For the following pairs of Demographic types, report the weighting results if you use the joint distributions in dfdemographic versus if you approximate the joint distribution using the marginals. Briefly (at most 3 sentences) describe what you observe.
(party, gender)
(race, gender)
As an example output, here's the results for two other pairs of demographics:
Demo1 | Demo2 | Joint | |
---|---|---|---|
0 | age | race | 0.524516 |
1 | age | education | 0.525483 |
The above techniques use the mean answer among people who share a demographic as the estimate for that demographic. But that wastes information across demographics. For example, maybe people who only have "Some College" are similar enough to people who have "High School" as to provide some useful information.
First, do the following: use a logistic regression (or your favorite prediction tool) to predict candidate choice, using the demographics. You might want to convert some demographics (like education) to ordered numeric (e.g., 1, 2, 3) as opposed to using discrete categories.
Here, you will earn partial bonus points by just reporting the predictions and comparing them to the means of each covariate group in the raw polling data. Give a scatter-plot, where each point is one combination of full demographics (age, gender, party, race/ethnicity, education), the X axis is the raw polling average for that combination, and the Y axis is your regression prediction for that combination.
Then, once you have predictions for each set of covariates, "post-stratify" to get a single population estimate by plugging them into the above weighting techniques, where you use the predictions instead of the raw averages in that cell. Report the resulting estimates if you do the 2-dimensional joint weighting (on every pair).

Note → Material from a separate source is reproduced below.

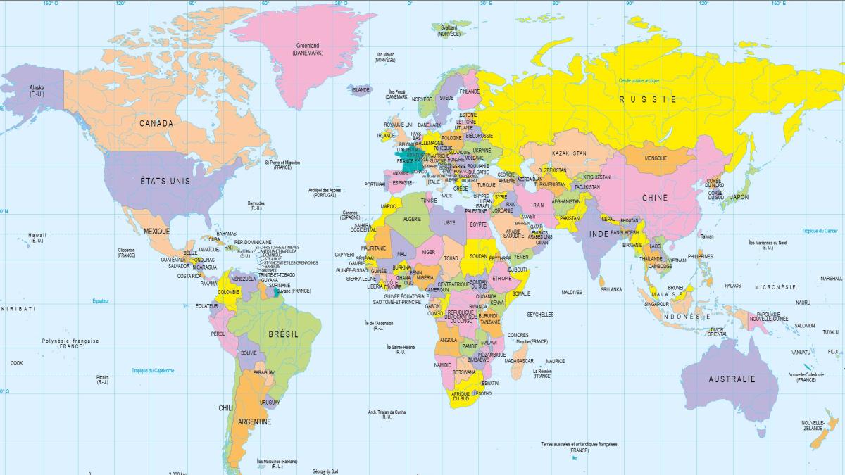 Monde et autres régions Monde et autres régions Archives diplomatiques Publié le : 21 avril 2026 Mis à jour le : 22 avril 2026 © Archives du Ministère de l’Europe et des Affaires étrangères - La Courneuve Dans cette rubrique Archives & bibliothèque Venir aux Archives Confier ses archives ou travaux Consulter les archives Organiser un tournage aux Archives Organiser une visite des Archives Reproduire et réutiliser des archives Effectuer des recherches généalogiques ou familiales Accès des généalogistes professionnels Actes d’état civil et autres archives diplomatiques et consulaires L’état civil des Français à l’étranger Recherche de personnes disparues en Algérie pendant les derniers mois de la souveraineté française S’orienter dans les fonds et collections Ambassades, consulats, réseau culturel et de coopération (XVIe-XXe siècles) Cartes Colonies et territoires d’Outre-mer (1793-1960) Etat général des fonds - Inventaires en ligne Images Livres et revues Protectorats et mandat français (1881-1956) Récupération artistique Traités et accords Ressources pédagogiques Agenda et offre culturelle des Archives Concours des jeunes ambassadeurs et ambassadrices L’offre éducative du centre de La Courneuve L’offre éducative du centre de Nantes Carte politique du monde Projection de Robinson Carte politique du Monde - Projection Robinson JPG - 776.6 KB Carte politique du Monde - Projection Robinson PDF - 1 512.4 KB Projection d’Eckert (IV) Carte politique du Monde - Projection Eckert (IV) JPG - 761.9 KB Carte politique du Monde - Projection Eckert (IV) PDF - 1 468.2 KB Projection stéréographique de Gall Carte politique du monde - projection Gall JPG - 835.8 KB Carte politique du monde - projection Gall PDF - 1 462.0 KB Autres régions ARCTIQUE 2023 ARCTIQUE 2023 JPG - 999.7 KB ARCTIQUE 2023 PDF - 1 654.6 KB ANTARCTIQUE ANTARCTIQUE JPG - 1 541.3 KB ANTARCTIQUE PDF - 1 118.4 KB BASSIN MÉDITERRANÉEN BASSIN MÉDITERRANÉEN JPG - 1 703.8 KB BASSIN MÉDITERRANÉEN PDF - 1 116.1 KB ESPACE INDOPACIFIQUE ESPACE INDOPACIFIQUE JPG - 756.8 KB ESPACE INDOPACIFIQUE PDF - 502.7 KB MONDE - ÉTATS ET CAPITALES MONDE - ÉTATS ET CAPITALES JPG - 1 118.5 KB MONDE - ÉTATS ET CAPITALES PDF - 1 421.9 KB OCÉANS INDIEN ET PACIFIQUE OCÉANS INDIEN ET PACIFIQUE JPG - 1 049.2 KB OCÉANS INDIEN ET PACIFIQUE PDF - 1 493.4 KB PACIFIQUE (A3) PACIFIQUE (A3) JPG - 1 686.0 KB PACIFIQUE (A3) PDF - 3 706.2 KB MER ROUGE MER ROUGE JPG - 1 059.2 KB MER ROUGE PDF - 2 604.5 KB

You may use existing python packages, such as here. Another approach would be to use rpy2 to call R
, as there are many well-maintained packages in R
to analyze polling data. One example is here.
i. In Part B, you should notice a discrepancy from what we said in class and the data -- weighting by education does not seem to help much in reducing the polling average from being pro-Clinton.
Here, we'll try to dig into the data to see why the methods we tried above might not be perfect, and what data you would want (such as demographic joint distribution) to do better.
First, aggregate (using the groupby function) the poll results by education. Second, aggregate by education and some of the other covariates (for example, education and race, or education and party). Discuss in 4 sentences or less.
ii. You'll notice that there are some responses with "refused," and that those people in particular are Trump-leaning. Furthermore, there are likely many people who refused to answer the poll at all, who do not show up in the data. The weighting techniques we used above would ignore these people. How would you adjust your procedures/estimates above to take them into account? Answer in at most 3 sentences.
None of the above techniques deal with selection biases/non-response on un-measured covariates. Do you think that may be an important concern in this dataset? Why or why not? Respond in 3 or fewer sentences.
Throughout this homework, you made many estimates of the same quantity -- the fraction of people who will vote for Clinton in Florida. Below, plot a histogram of all your estimates.
Given all your above analysis, if you were a pollster what would you report as your single estimate?
Justify your choice, in at most 3 sentences
Though we did not discuss how to calculate margin of error or standard errors with weighting in this course, what would you say if someone asked you how confident you are in your estimate? You may either qualitatively answer, or try to come up with a margin of error.